Mi amigo Víctor

16/07/2023 - 16:51 Emilio Fernández Galiano

 Tiene tan buen pelo como sus canas, blancas como la nieve, que contrastan con dos cejas zaínas y pobladas  que cobijan unos ojos oscuros y vivarachos que desprenden chispa, bondad y sagacidad.

Me lo encuentro a menudo dando su rutinario paseo por los alrededores de mi casa en Sigüenza. Pese a sus años, tiene buen porte y sé que le dedica algún minuto a la prenda que se pondrá ese día. Hasta la garrota la lleva con elegancia. Tiene tan buen pelo como sus canas, blancas como la nieve, que contrastan con dos cejas zaínas y pobladas  que cobijan unos ojos oscuros y vivarachos que desprenden chispa, bondad y sagacidad. Muy templada, como él. Llevamos ya tiempo siendo vecinos y no le he visto fallar en sus paseos, salvo algún día de nuestros duros inviernos o por precaución a la pandemia. 

Hermano de los pequeños de una familia bien numerosa, ocho o nueve, no recuerdo bien. Tan numerosa como humilde, a los nueve años ya cuidaba las ovejas. Luego las mulas, el trillo y la agricultura. Finalmente, la construcción. En ese tiempo, casualmente, trabajó en la empresa de mi suegro y su hermano Emilio, de los que me habla maravillas (afortunadamente, y no me extraña porque eran gente de bien). 

¿No fuiste a la escuela? -¿Y de qué íbamos a vivir?, me contesta. -Pero me comentaste que leías los periódicos hasta hace bien poco. -Aprendí a leer y a escribir en la escuela nocturna, después del tajo. -¿Te acuerdas de la guerra?, indago. Me enseña un balín de aquella época que conserva en su llavero. -¿Pasaste hambre?, le pregunto. -Teníamos animales, en los pueblos se pasó menos hambre. -¿Y miedo? -¡Bah! El ruido de algún avión, en todo caso. 

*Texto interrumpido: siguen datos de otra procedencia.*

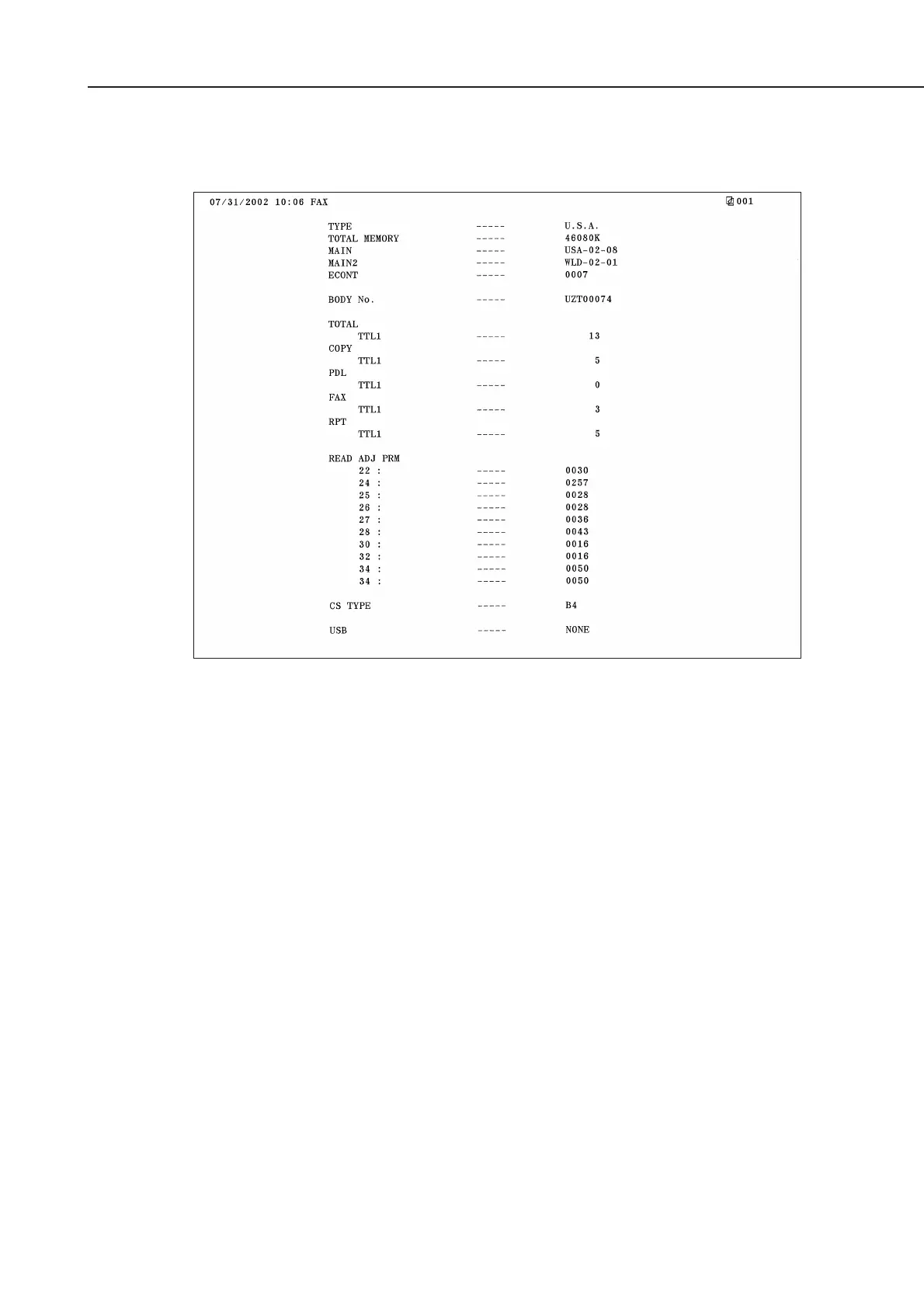 *12 : Adjustment items and settings for the service mode item #6
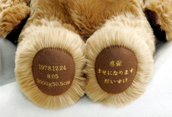 赤ちゃんが生まれたときの重さでお作りする体重ベア。初めて赤ちゃんを抱き上げたときの感動を記念に残す事ができます。足の裏には、赤ちゃんのお名前、身長、体重、誕生日などを刺繍で入れることができます。 |
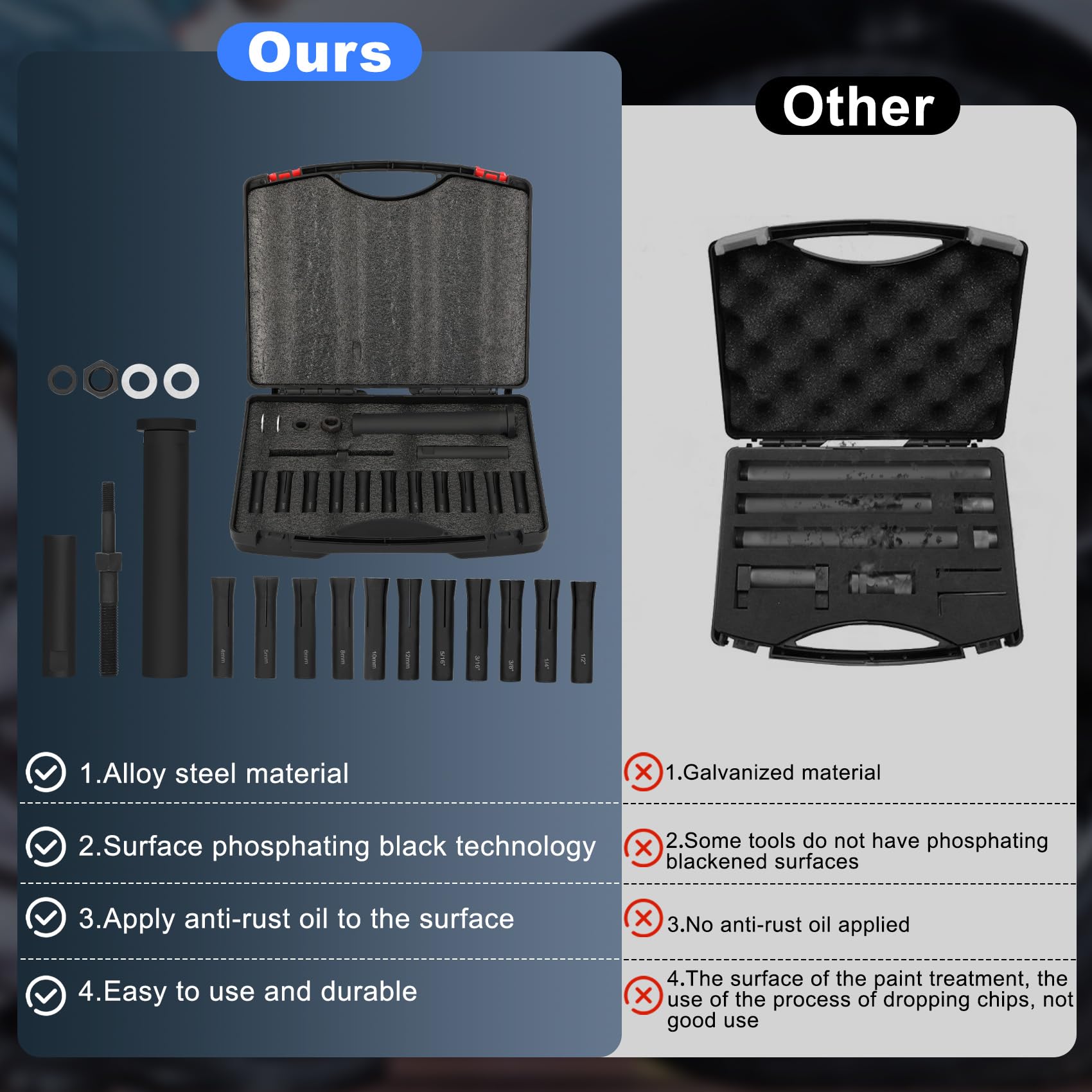 - Material upgrade:95400 pin puller master set is made of alloy steel with a black phosphating process to avoid rapid rust. Apply anti-rust oil on the surface to increase the use time.
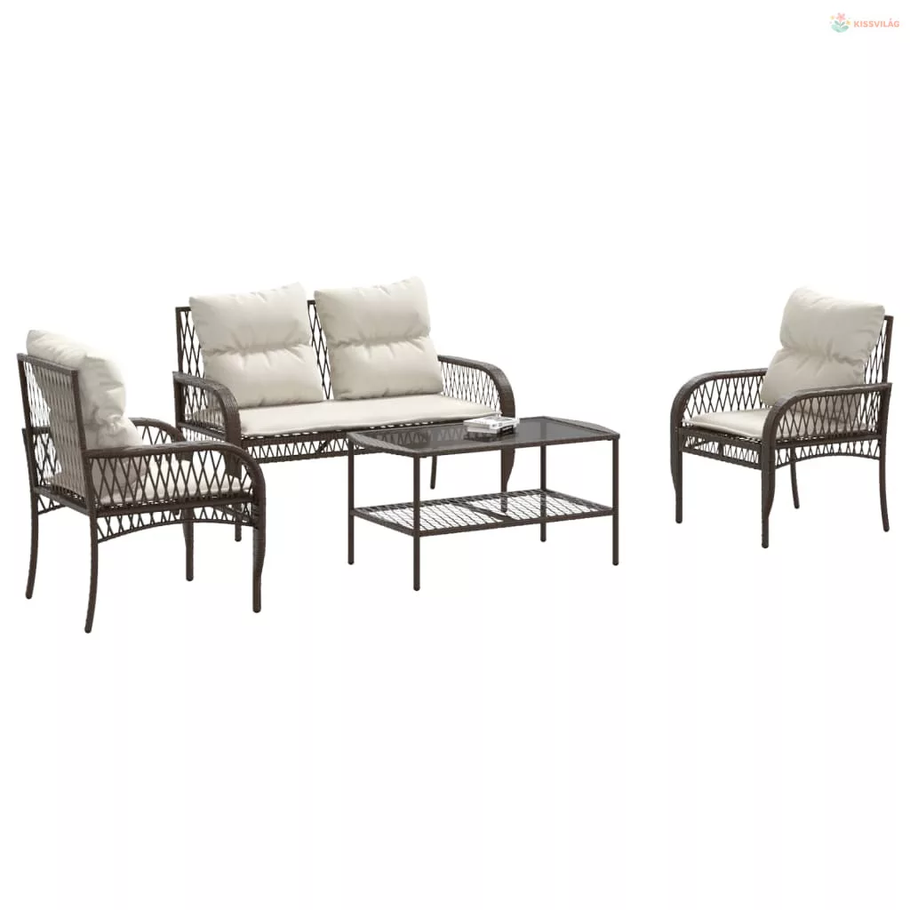4 részes barna polyrattan kerti ülőgarnitúra párnákkal
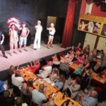 - The cabaret show features dancers, costumes, and lively music that creates a festive atmosphere.
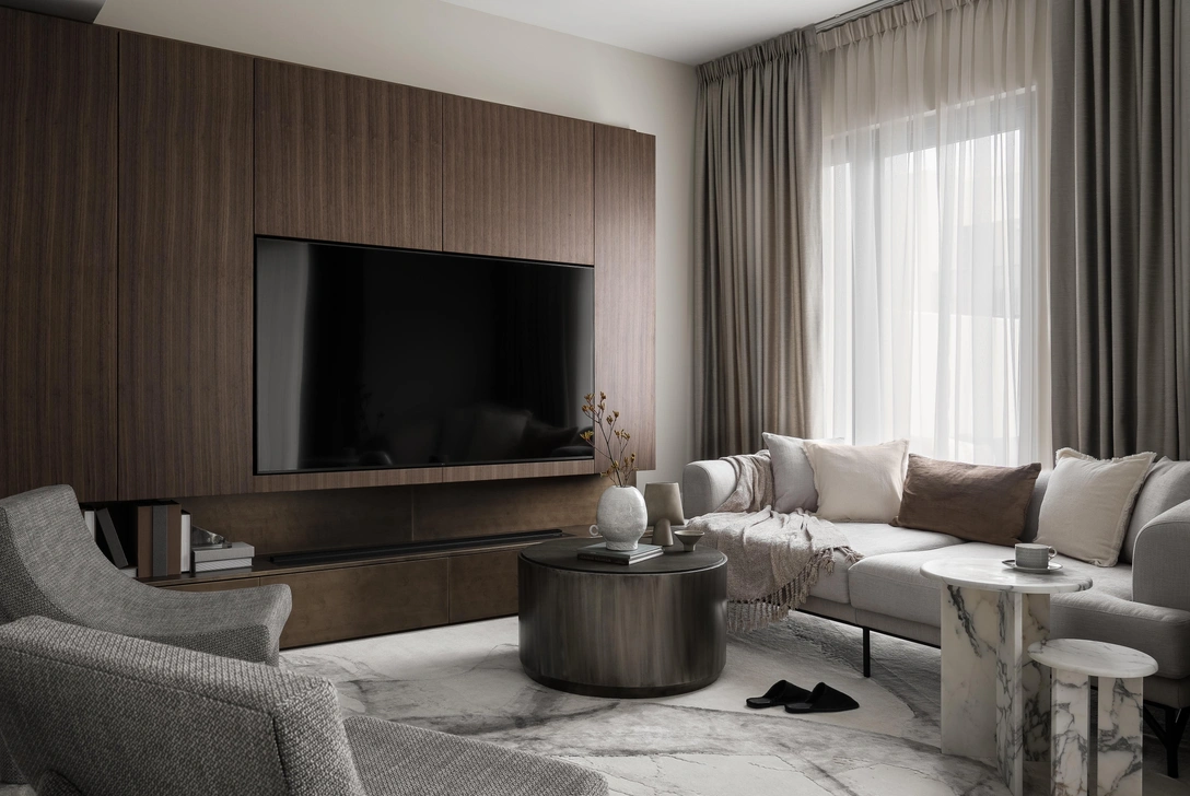 Интерьер был спроектирован для женщины, которая живет в двух городах. В Дубае она хотела создать современное пространство с восточным колоритом, интегрировать элементы местной культуры в современный интерьер. На первой встрече клиентка попросила сделать спокойную цветовую гамму с акцентами. Дизайн отражает ее яркую и жизнерадостную личность — приглушенные базовые тона в нем сочетаются с благородными глубокими цветами.
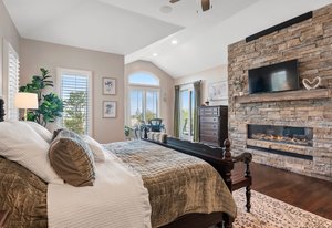The finished walk-out basement expands your living space with a spacious rec room, gas fireplace, full wet bar, game room with beverage fridge, and direct access to a covered patio, fire pit, and private pool—an entertainer’s paradise.
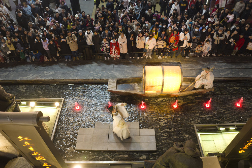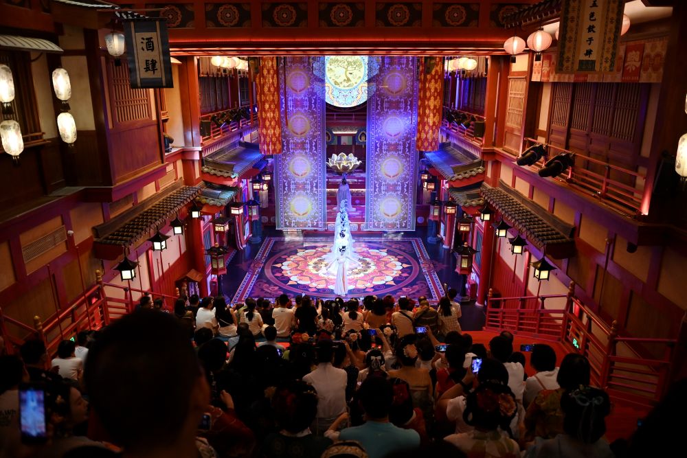 2024年5月12日,游客在西安長(zhǎng)安十二時(shí)辰主題街區(qū)內(nèi)觀看演出。街區(qū)通過漢服旅拍、演藝互動(dòng)、非遺體驗(yàn)等項(xiàng)目,讓游客“穿越”回盛唐長(zhǎng)安,為游客打造科技感、文化味十足的游歷體驗(yàn)。
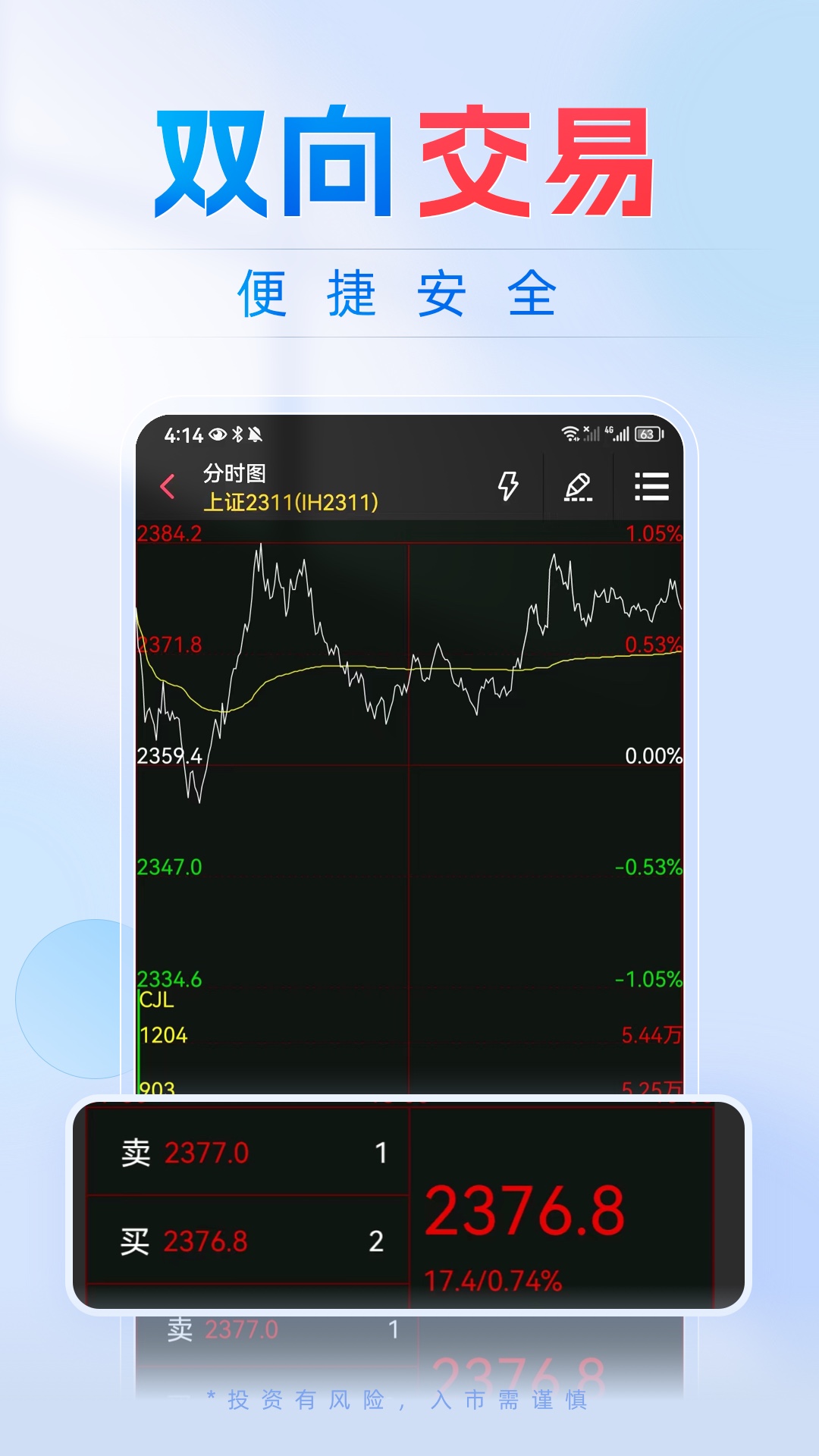 ④期货交易:闪电下单,交易灵活,全天候交易时间,资金安全保障。
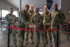 319th Force Support Squadron members cut the ribbon, officially opening the newly renovated Airey Dining Facility dining room at Grand Forks Air Force Base, North Dakota, Feb. 9, 2026. The ceremony marked the completion of months of planning and coordination between the 319th Force Support Squadron,
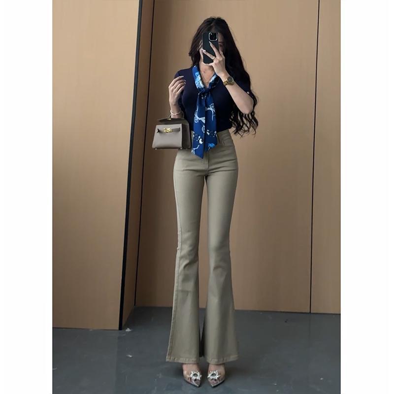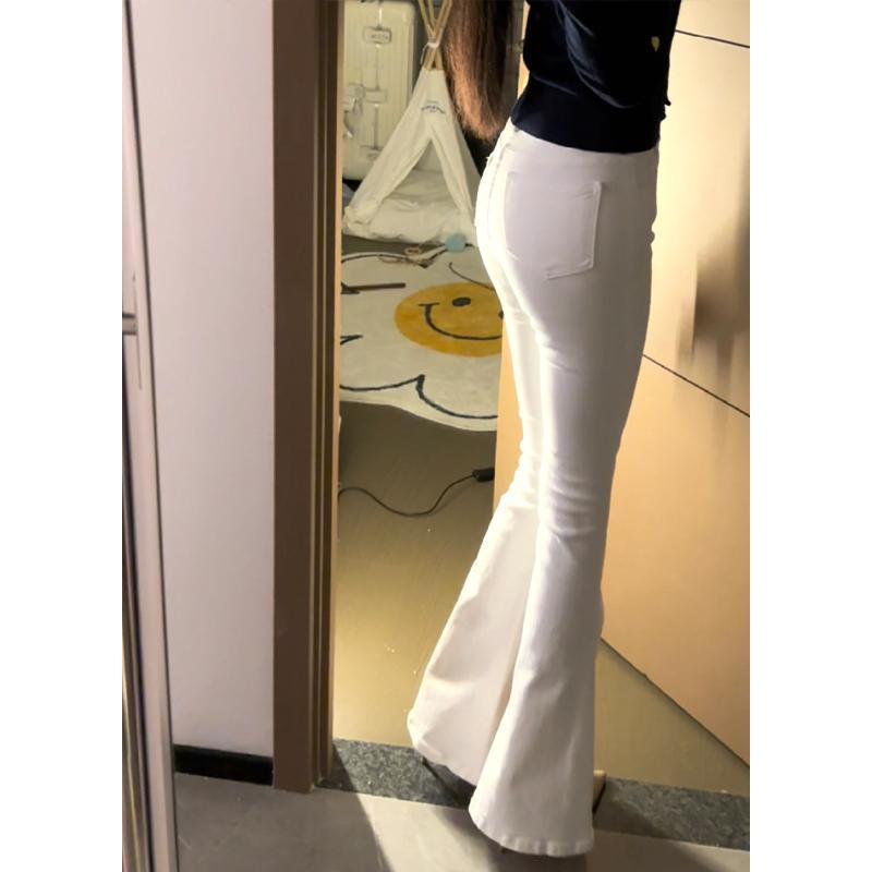 米白色双扣微喇叭裤新款牛仔裤女春夏季高腰修身弹力提臀拖地长裤

Deduzco que te has cuidado, Victor. ¿De joven fumabas, bebías? -Alguna faria, y al vino con moderación, pero no te creas, a veces la dábamos bien, pero nunca en el trabajo. Me acuerdo una de anís… ¡horrible! Pero bueno, casi siempre el bebercio con moderación. 

¿Cómo es que no te casaste?, un tipo con tan buen porte… Me mira en oblicuo con una media sonrisa, “prefiero no hablar”. Tengo para mi que hubo un desamor no superado, pero son cosas mías. 

¿Cómo ves hoy a España? Le inquiero -Ufffffffff, no la veo. (Observe el lector que otros han dedicados decenas de columnas para resumir lo que Victor deduce con un suspiro). -Me gustó el gallego el otro día en el debate ese, añade. ¿Y el otro? Le provoco, - ¡pamplinas!, me contesta, o algo parecido. 

Mi amigo Victor tiene o va a cumplir 93 años. Criado en una familia muy humilde, de la España profunda,  tiene la categoría y tolerancia de muchos doctores. De esa generación que les tocó reconstruir los desastres de una tragedia absurda sacudida por los radicalismos. Él, sin embargo, es prudente, lógico, de fácil palabra y además vocaliza estupendamente. No guarda rencor y está sacudido de revanchismos, pero atina con sus reflexiones que le cuesta exteriorizar por prudencia. Sus días pasan como los de la marmota, casi siempre lo mismo. Pasear, sentarse bajo la sombra de una acacia, levantarse y volver a casa. Allí le espera su sobrino Carlos, con quien convive. “Hoy me duelen un poco las rodillas. Buenas noches, sobrino”. 

El caso es que hasta mis hijos se han dado cuenta de cierta complicidad con el protagonista de esta historia. Ignoro si me acercan a él o piensan que él me puede acercar a ellos. Tal vez les guste que su padre se pare por un momento en su ajetreada vida y valore más la charla con Victor que con cualquier otro personaje estelar. Tal vez piensen que Victor tiene estrella. Y que yo puedo seguir su estela. 

¿Y ha viajado?, curioseo. -¡Una vez a Toledo!, me recuerda. 

(A JaviSanz que me inspiró este relato con otro suyo).